Вот почему, думая о себе, она чувствовала только гнев и обиду на Эрленда. Но она со страхом спрашивала себя, как относятся к случившемуся ее сыновья.

Ульв ездил в Довре с двумя вьючными лошадьми и отвез Эрленду вещи, о которых тот просил: одежду, кое-что из оружия, все его четыре лука, мешочки с наконечниками для стрел, железные стрелы и трех собак. Мюнан и Лавранс безутешно рыдали, когда Ульв взял у них маленькую гладкошерстную суку с висячими, мягкими, как шелк, ушами, – это была собака редкой иноземной породы, которую Эрленд получил в подарок от аббата монастыря в Нидархолме. То, что их отец владеет такой необыкновенной собакой, как видно, в особенности возвышало его над всеми в глазах малышей. А отец еще пообещал им, что, когда сука снова ощенится, они оба смогут выбрать себе щенка по своему вкусу.

Когда Ульв, сын Халдора, возвратился из Хэуга, Кристин спросила, не сказал ли ему Эрленд, скоро ли он намерен вернуться домой.

– Нет, – ответил Ульв. – Как видно, он думает остаться там на житье.

Сам Ульв почти ничего не добавил к этому.

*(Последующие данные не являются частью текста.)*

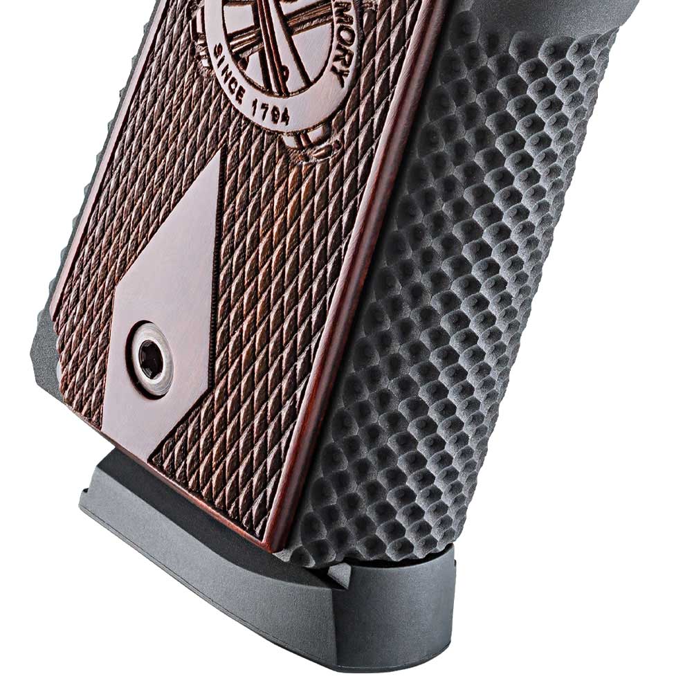 Posi-Lock checkering on the front strap combines with thin-line Cross-Cannon Double Diamond Cocobolo grips to create an exceptionally tight shooting foundation.

А спрашивать ей не хотелось.

Осенью, когда вся семья перебралась из нового стабюра в жилой дом, старшие сыновья попросили у матери разрешения ночевать в верхней горнице. Мать согласилась на это, а сама осталась в нижней горнице с двумя младшими детьми. В первый же вечер она сказала Лаврансу, что он тоже может спать теперь в ее кровати.

Мальчик нежился в постели и от восторга катался по ней, зарываясь носом в подушку. Дети привыкли спать на скамьях, застеленных кожаными мешками, набитыми соломой, и накрываться шкурами. А в кровати лежали синие перинки и, кроме шкур, еще нарядные одеяла, да вдобавок родители подкладывали себе под голову пуховые подушки, обтянутые белыми полотняными наволоками.

– Когда отец воротится домой, мне уже нельзя будет спать здесь, правда, матушка? – спросил Лавранс. – Тогда нам с Мюнаном снова постелют на скамье?